Il muro si apre e la gradinata cede

Smottamenti della collinetta che separa il piazzale dell’ex stazione dalla chiesa Stella Maris
VASTO. Il muro di sostegno è segnato da uno squarcio. Una crepa che attraversa perpendicolarmente la parete di mattoni raccontando quello che sta accadendo sulla collinetta che separa il piazzale dell'ex stazione ferroviaria di piazza Fiume dalla chiesa di Stella Maris. Il terreno sta cedendo. A raccontare il dissesto morfologico è anche la gradinata.
Diversi gradini si sono "abbassati" e non hanno più l'alzata. «Sono pericolosi», denuncia un residente, «sono mesi che denunciamo l'abbandono (e anche la presenza di abusivi) della ex stazione ma a nessuno sembra importare nulla. Ora il muro di sostegno della gradinata che porta sulla riviera sta cedendo. Speriamo che chi di dovere faccia qualcosa. Possibilmente prima dell'arrivo della stagione turistica».
La scalinata che collega il parcheggio della ex stazione ferroviaria con lungomare Cordella si sta abbassando. É probabile che ci siano infiltrazioni di acqua nel terreno, le stesse che hanno provocato il movimento franoso del lungomare all'altezza della monumento alla bagnante. Realizzata sette anni fa la gradinata in legno e mattonelle da spiaggia non ha mai ricevuto interventi di manutenzione. Lo stesso si dica dell'area tra il parcheggio degradato nella zona del monumento alla bagnante. La riviera dovrebbe essere il fiore all'occhiello della marina di Vasto.
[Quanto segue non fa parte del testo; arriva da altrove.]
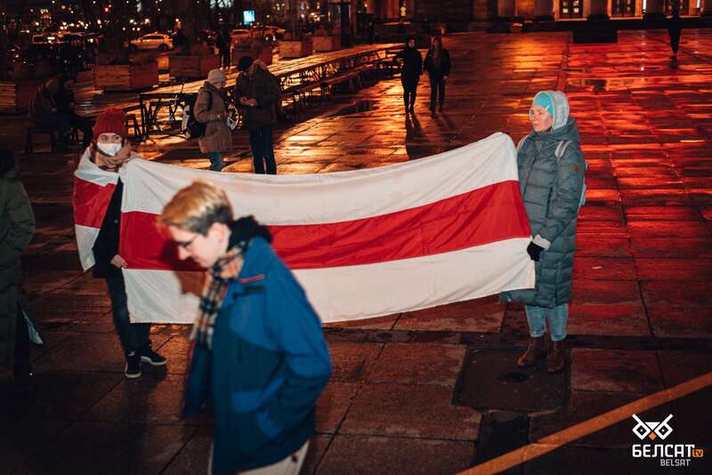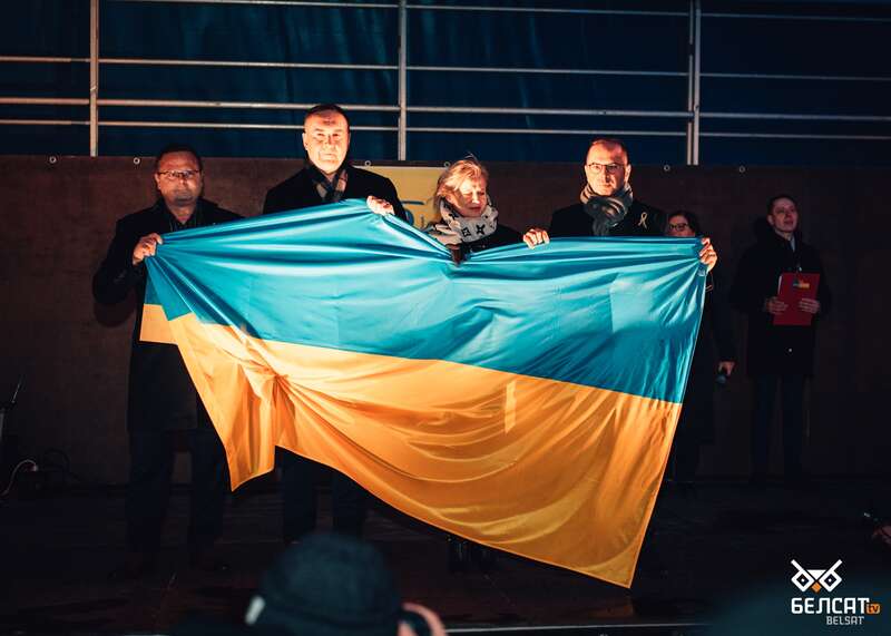 Акция солидарности с Украиной состоялась вечером в центре Варшавы – перед Дворцом культуры и науки. Участники акции держали государственные флаги Украины и Польши, национальные бело-красно-белые флаги Беларуси.

«Invece sta rischiando di sparire per sempre alla vista dei vastesi e dei turisti», protestano alcuni residenti della Marina. «La situazione è critica, non va trascurata». In principio sul muro c'era una piccola crepa. Ora è uno squarcio. Il problema potrebbe essere lo stesso che in pochi anni ha minato Lungomare Cordella sgretolando la scalinata che scende sull'arenile come burro.
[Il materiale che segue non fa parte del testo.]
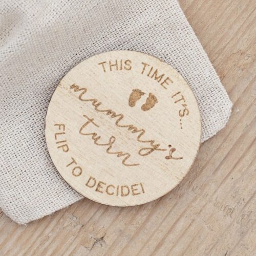 Mummy or Daddy’s Turn? Διασκεδαστικό παιχνίδι flip coin για να κάνεις δώρο σους μελοντικούς γονείς στο baby shower πάρτυ ή στη γέννηση του μωρού! Κάθε φορά που θα πρέπει να αλλάξουν την πάνα του μωρού ή να το ταϊσουν, γυρνάνε το ξύλινο κέρμα και βλέπουν ποιος έχει σειρά να το κάνει!

Il compianto dirigente dell'Ufficio Servizi, Ignazio Rullo, lo chiamava "il male della Marina" .In realtà le cause sono diverse e fra queste c'è sicuramente una manutenzione non adeguata. A giudizio dei residenti andrebbero captate le acque che scorrono nel sottosuolo.
«I mali della riviera sono antichi e per questo noti. Autorità ed Istituzioni dovrebbero cercare di proteggere meglio sia il lungomare che il resto del quartiere rivierasco. Il degrado della ex stazione e delle strutture che portano sulla riviera sono desolanti oltre che preoccupanti», insistono i cittadini. (p.c.)